Your task: Starting at the line below that contains "Step 8. Bottom/B" and ending at the line that contains "The officially registered", retype each line exactly as it stands, but omit the pictures.

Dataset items
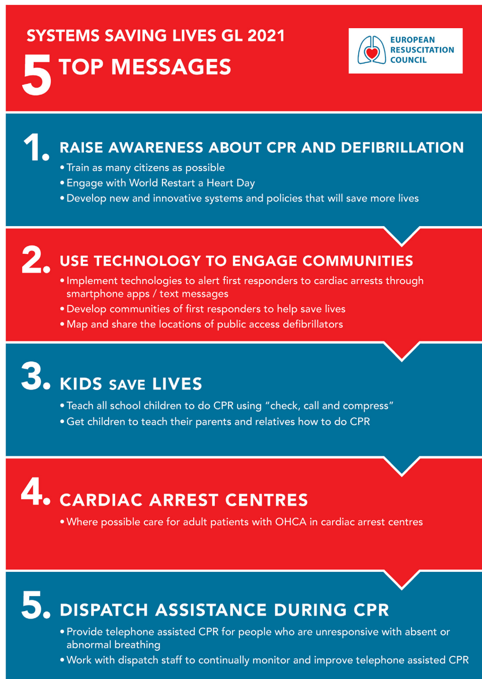
Fig. 1 – System saving lives infographic summary.

In the past, the guidelines of the ERC have been developed from a perspective of an ideal high-resource or high-income environment. Little attention has been paid to the applicability of statements from such areas in the daily practice of lower-income regions. In many parts of the world, a high-resource standard of care is not available due to a lack of financial resources. For example, low-quality performance of EMS can be a barrier
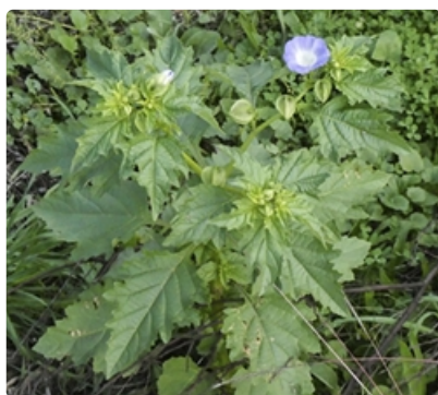
Plant with flowers and young seed cases. Photographer Owen Holton, Canberra, ACT
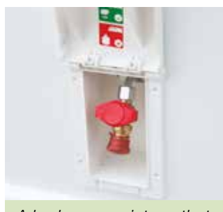
A barbecue point, so that you can take gas from your caravan cylinder to your barbecue

sunlight, giving this distinctive pale fabric a sparklingly bright look. Mauves and purples, regarded as the current caravan fashion statements, appear in curtains and cushions. The whole look is bright, light and classy. Armrest shapes, too,
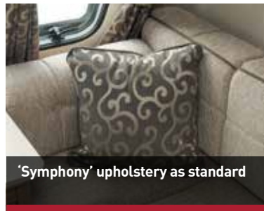
'Symphony' upholstery as standard

Change the look and feel of your Compass Corona with a choice of interior furnishings
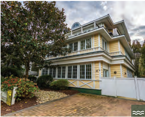
48 SURF AVENUE 5 Bedrooms | 6.5 Baths | Sleeps 13 Ocean Views · Elevator · Deck Rates: $2,500–$8,500/Week
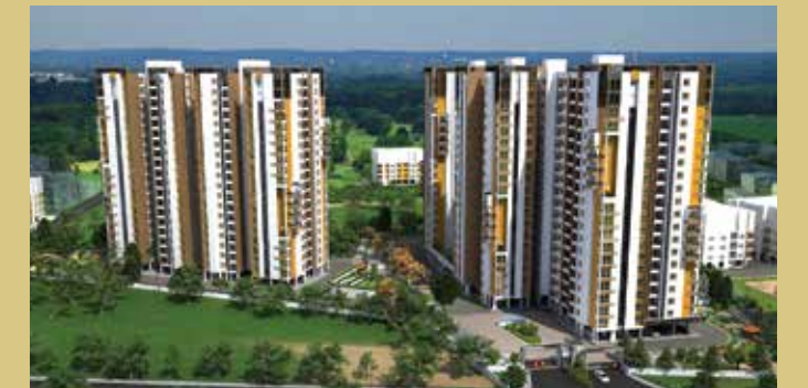
SEJORITA Sarjapura Main Road, Bengaluru
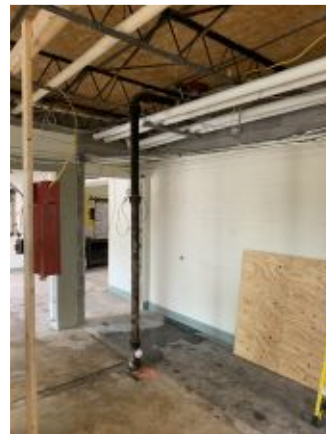
2020.05.21 – Roof drain leader previously concealed in wall at Ryland
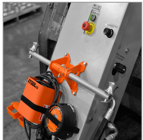
Control Your Pulling Force Using the Output Torque Limit Dial
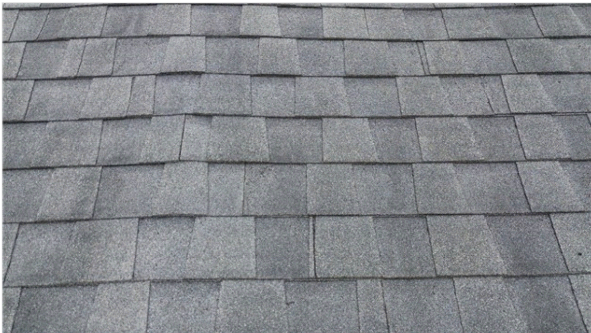
Granular Loss at Roof
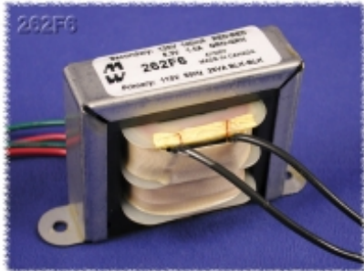
Plate & Filament or Bias 261-262 Series 115 V Primary
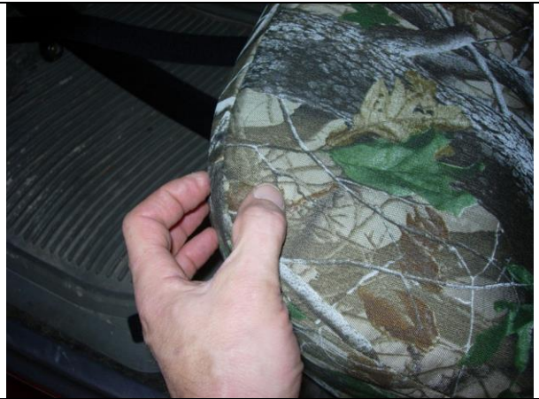
Step 8. Bottom/B Work the fabric inside the seat cover seam outward, or from thumb to forefinger.
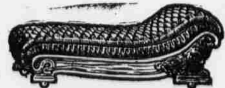
Genuine No. 1 Leather Couch. Regular $33.50 Special $25.00

With every $1.00 cash purchase you get a ticket on the Grandfather's Mission Hall Clock to be given away.
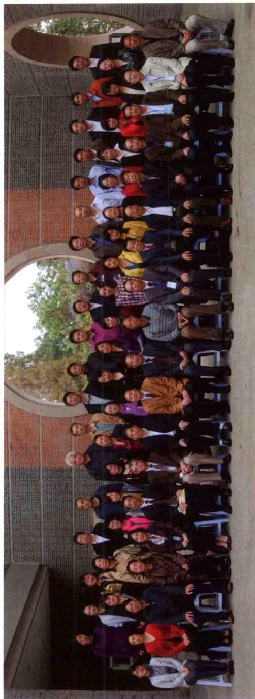
The officially registered participants of the 9th Conference of CALS
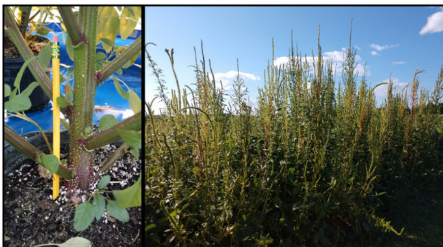
Figure 3. Palmer amaranth stem size (left) and invasiveness in a soybean production field (right).

and increases the likelihood that transfer of herbicide-resistant genes occurs. Viable Palmer amaranth pollen was identified as traveling up to 1,000 feet from its source plant (Ward et al. 2013). Additionally, Palmer amaranth has caused yield reductions of 91%, 60%, and 79% in corn ( Zea mays L.), cotton ( Gossypium hirsutum L.), and soybean ( Glycine max L. Merr.), respectively, if left uncontrolled (Bensch et al. 2003, MacRae et al. 2013, Massinga et al. 2001).
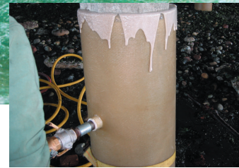
SeaShield™ 550 Epoxy Grout being pumped into the SeaShield™ Series 500 Fiber-Form Jacket.
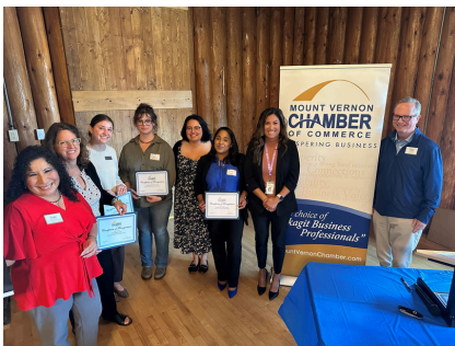
Members receive renewal certificates at the Membership Luncheon
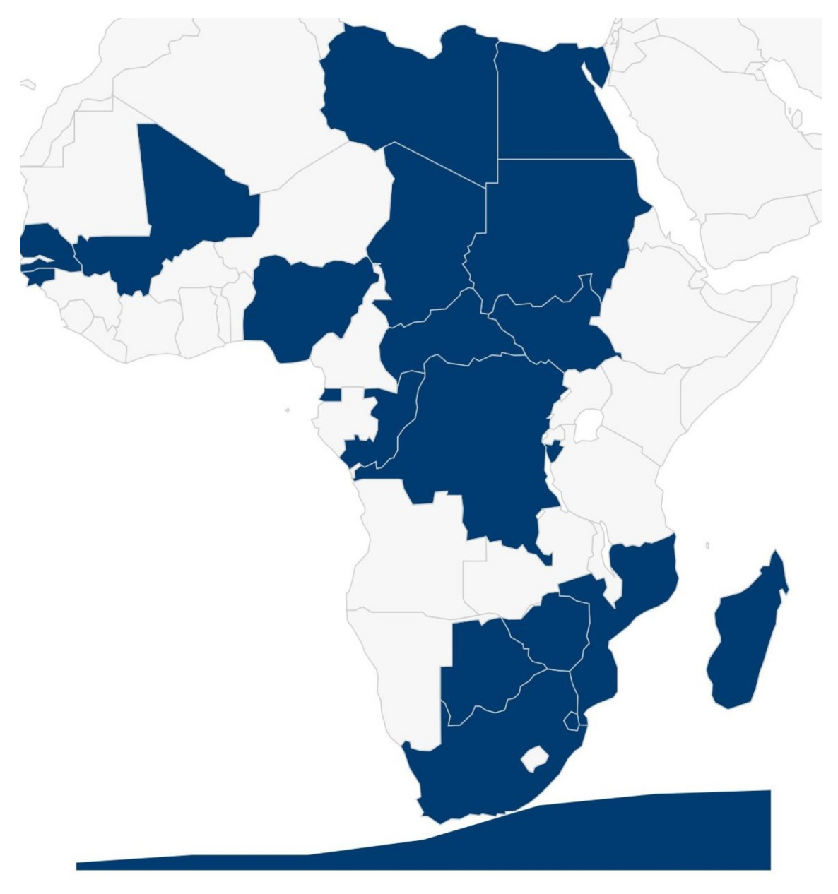
Figure 1 – How the activity of Russian private military contractors is proliferating across Africa
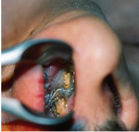
FIGURE 1: Rhinolith in the right nasal cavity.
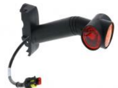
D14782 FA3 LC12 LED - End outline marker lamp LED right side 12/24V...
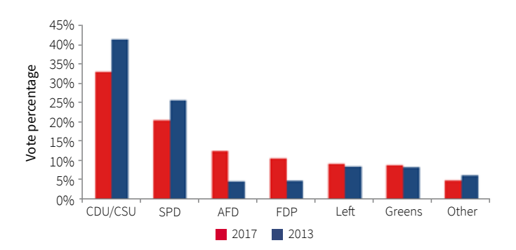
Figure 3: German Federal Election results; 2017 vs 2013
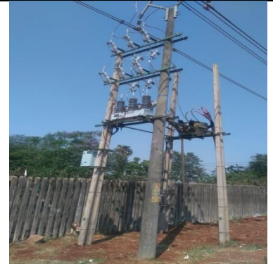
22 KV SUPPLY
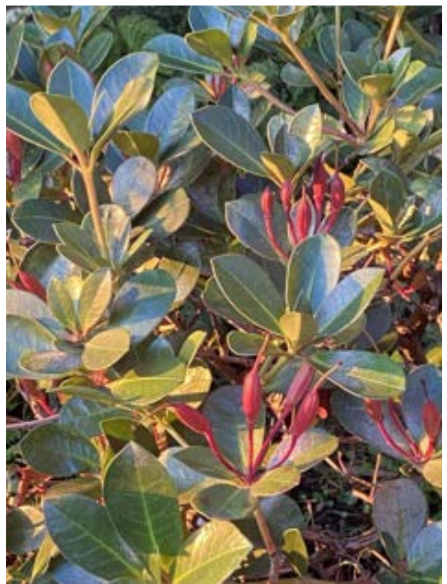
Seed pods of Rhodadendron lochiaie
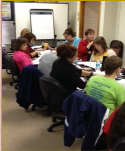
Some of the 23 participants at the final academy October 19, 2013.
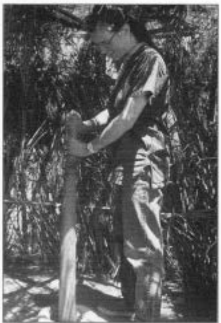
Figure 6 The author using an ancient Egyptian limestone mortar and replica wooden pestle to de-husk emmer wheat.

ing and the noise made by the pestle on the contents of the mortar change when the spikelets are shredded, so it would have been easy to tell when to stop. Apart from
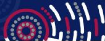
Image: The Currency of Country, ink on paper, 2017 ©Shawana Andrews. The people come together to trade and share. They are dressed in possum skin cloaks and have a basket of ochre, berries, yams and eggs to exchange. There is also an axe of stone and timber to be traded. The squares represent the shared knowledge built over generations of cultural memory. The people are connected with a songline and they look to the ancestors to learn and maintain culture.

"The camp was really fun and added variety in my school holidays. It also helped focus back in to school because of all the presentations that we were given from a variety of different people involved in and around business."
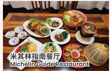
米其林指南餐厅 Michelin Guide Restaurant
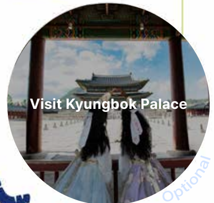
Visit Kyungbok Palace
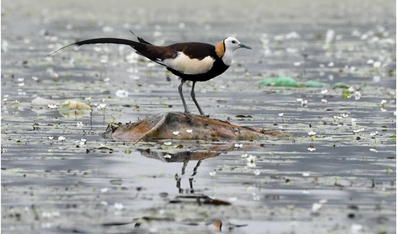
Pheasant-tailed jacana Hydrophasianus chirurgus (Scopoli, 1786)
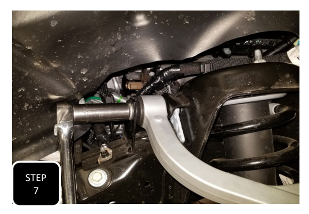
Step 7 Locate the new upper control arm which has the ball joint off-set the same way as the arm you just took off. Now, loosely install the new arm using the factory bolts at the frame. NOTE: DO NOT FULLY TIGHTEN THE BOLTS AT THE FRAME UNTIL THERE IS WEIGHT ON THE SUSPENSION LIKE THE TRUCK IS AT ITS NORMAL RIDE HEIGHT.
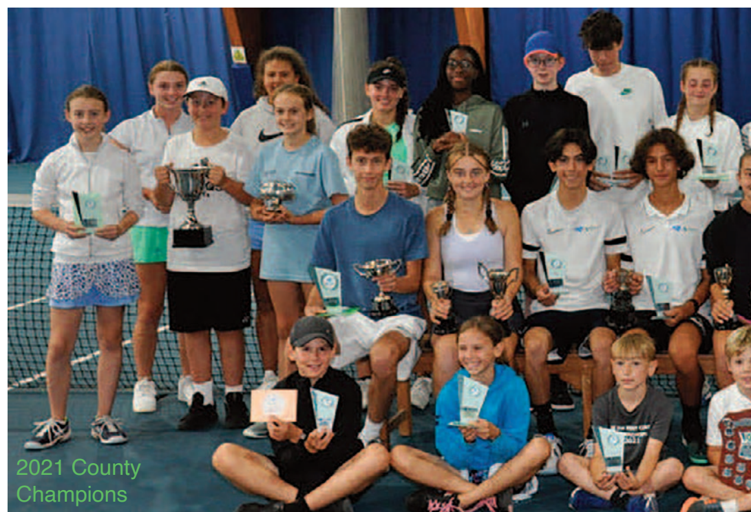
2021 County Champions
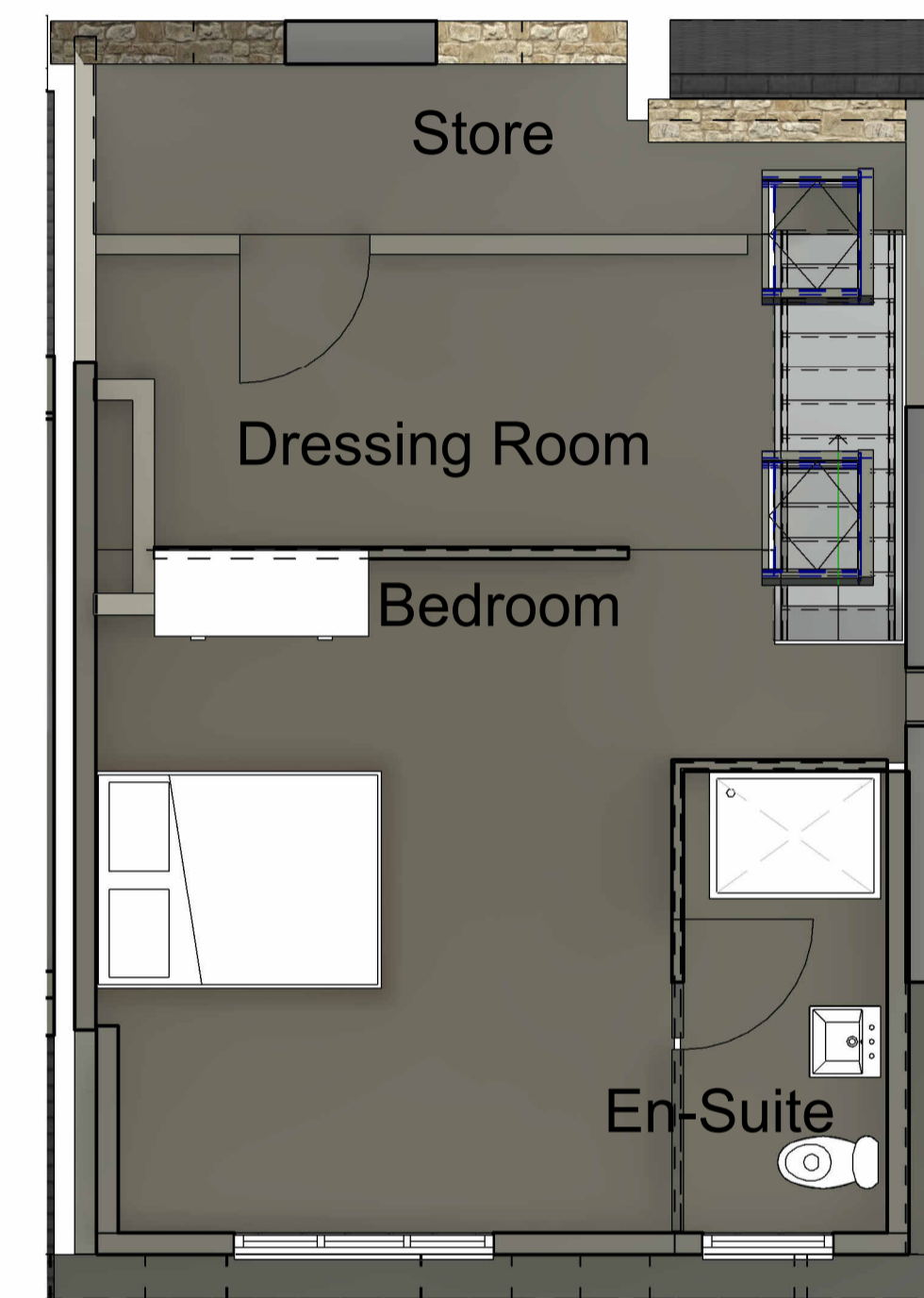
3 2 PROPOSED SECOND FLOOR 1 : 50
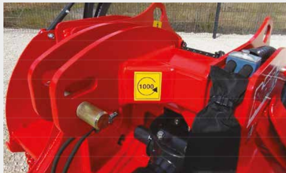
1000 rpm (optional 540 rpm)

ROTORS DESIGNED AND TESTED WITH AND FOR YOU SECURE LOCATING AND LOCKING OF THE HAMMERS EASY AND QUICK CHANGE OF THE WEARING PARTS
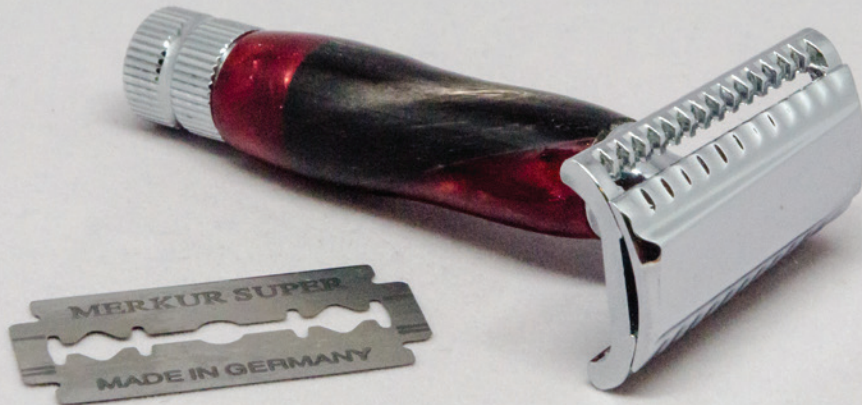
Razor: Buffalo horn and resin mixed media, German-made Merkur razor

There is always another way. The grooves, nicks and splinters that traverse this piece of buffalo horn are proof. The buffalo have thrived in the extreme conditions of the Great Plains, enduring sweltering summers and frigid winters. Buffalo are mostly blind, making their way in the world using an acute sense of smell and hearing. Once on the brink of extinction, their resilience has yet again restored them to their rightful place, free and roaming the Northern Plains of Alberta. Buffalo horn is a symbol of strength we don't yet know we have.
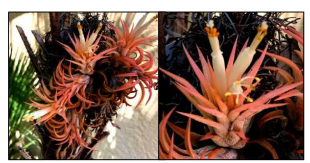
Tillandsia ionantha 'Druid', an ionantha with peach-colored leaves and white flowers, not the usual reddish blush leaves and purple flowers.
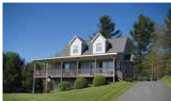
60041 - HIGH CHAPARRAL- 3BR, 2.5BA, 1512 SQFT, IMMACULATE CONDITION. $185,000
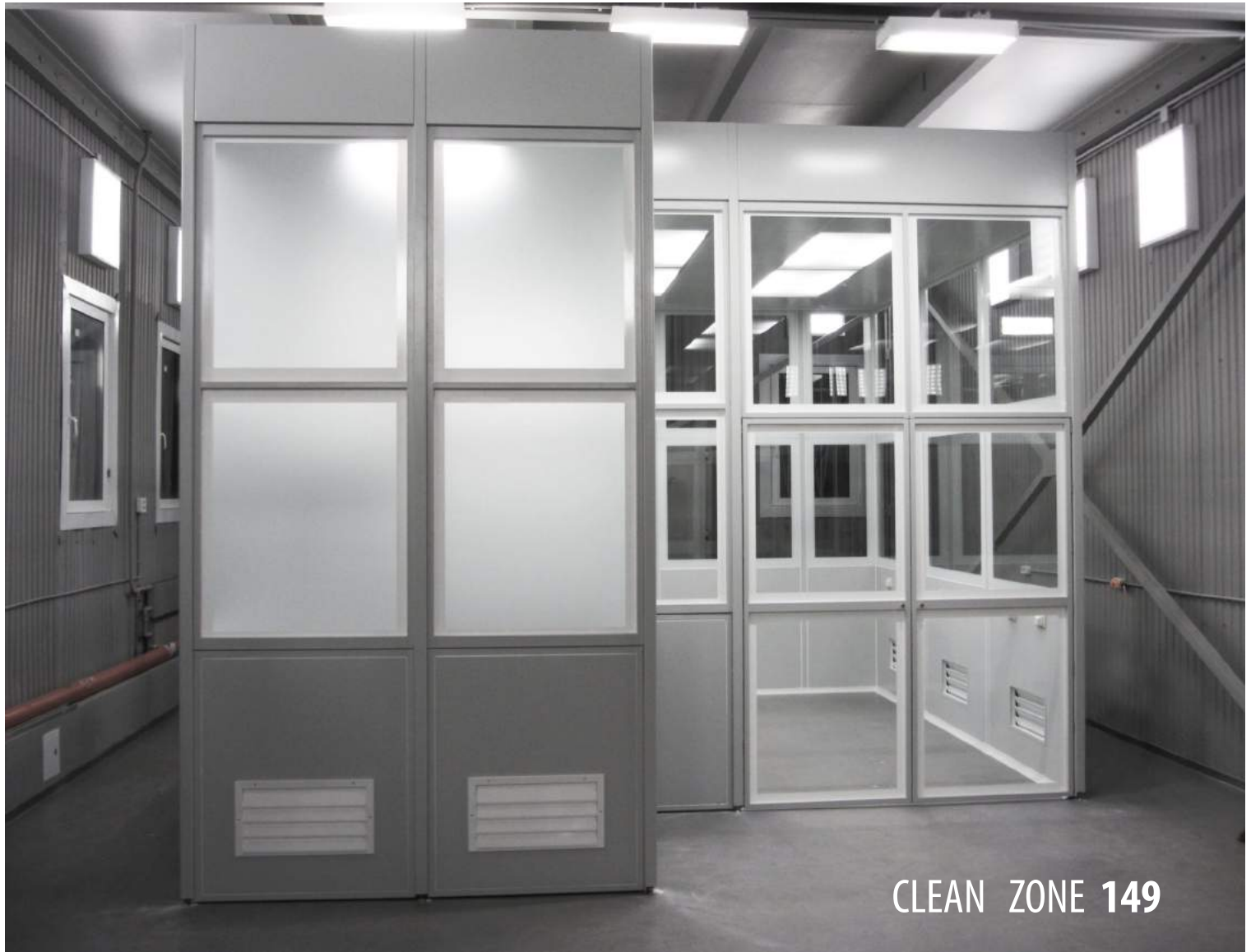
CLEAN ZONE 149

Exercise answer:
Step 8. Bottom/B Work the fabric inside the seat cover seam outward, or from thumb to forefinger.
Genuine No. 1 Leather Couch. Regular $33.50 Special $25.00

With every $1.00 cash purchase you get a ticket on the Grandfather's Mission Hall Clock to be given away.
The officially registered participants of the 9th Conference of CALS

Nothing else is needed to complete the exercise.